WHAT NEEDS TO BE DONE
Go through the lines below and repeat each one exactly, skipping pictures.

COLLECTED MATERIAL
----------------------------------------

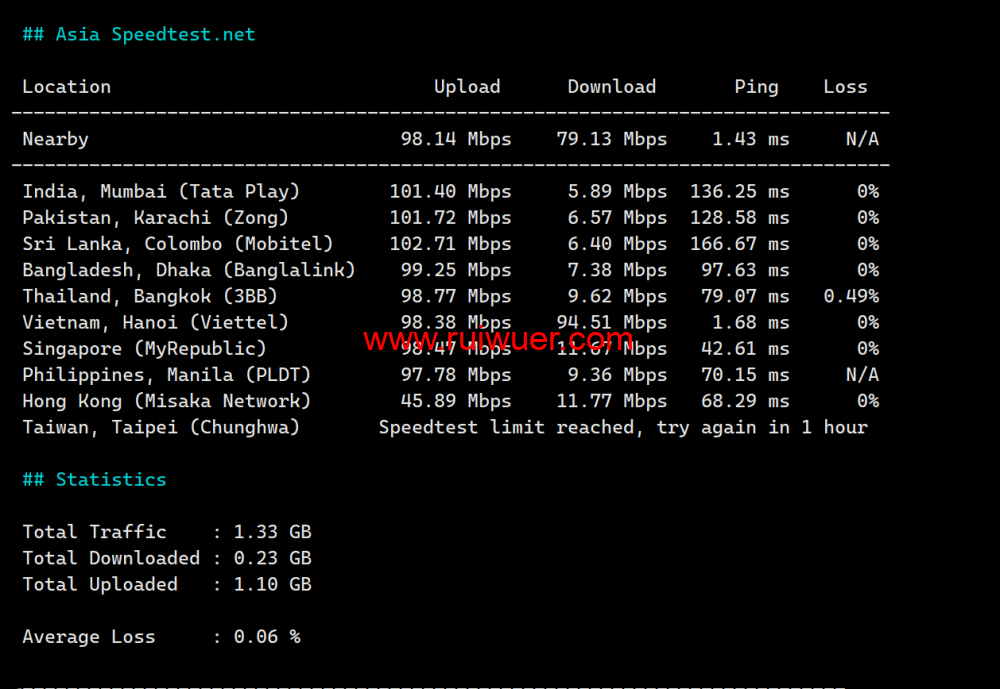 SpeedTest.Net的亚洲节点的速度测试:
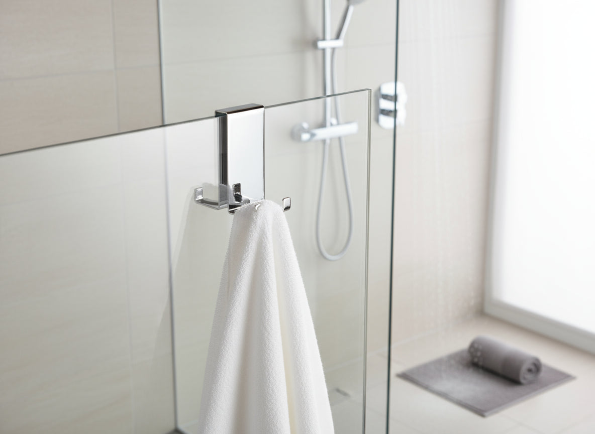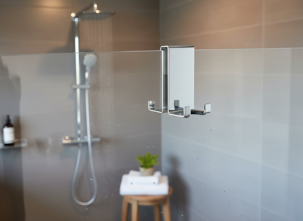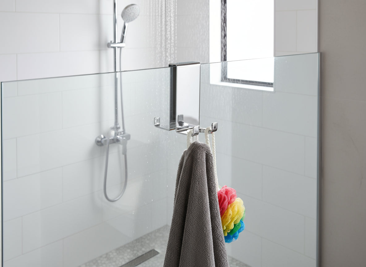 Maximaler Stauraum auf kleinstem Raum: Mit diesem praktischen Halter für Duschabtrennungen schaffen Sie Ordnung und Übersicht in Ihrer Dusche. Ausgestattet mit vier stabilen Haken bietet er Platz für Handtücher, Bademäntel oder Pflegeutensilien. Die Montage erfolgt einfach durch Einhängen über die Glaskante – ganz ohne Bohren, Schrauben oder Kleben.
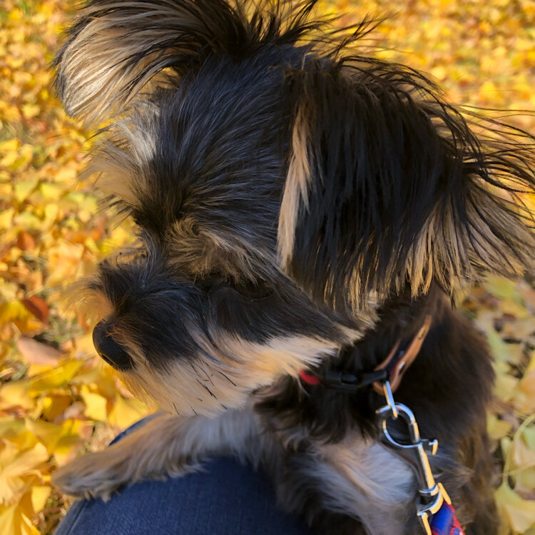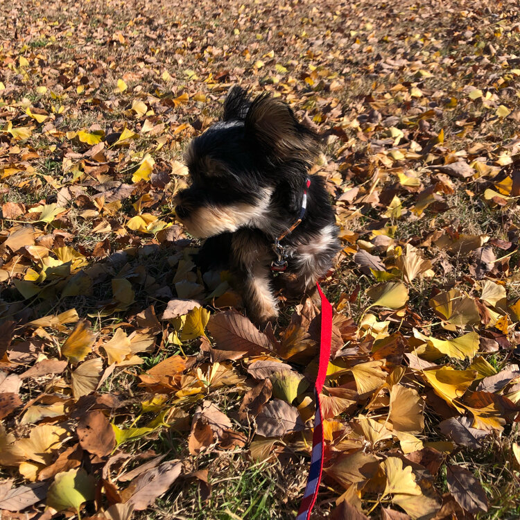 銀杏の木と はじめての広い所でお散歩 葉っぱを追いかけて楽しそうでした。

----------------------------------------

RESPONSE
 SpeedTest.Net的亚洲节点的速度测试:
 Maximaler Stauraum auf kleinstem Raum: Mit diesem praktischen Halter für Duschabtrennungen schaffen Sie Ordnung und Übersicht in Ihrer Dusche. Ausgestattet mit vier stabilen Haken bietet er Platz für Handtücher, Bademäntel oder Pflegeutensilien. Die Montage erfolgt einfach durch Einhängen über die Glaskante – ganz ohne Bohren, Schrauben oder Kleben.
 銀杏の木と はじめての広い所でお散歩 葉っぱを追いかけて楽しそうでした。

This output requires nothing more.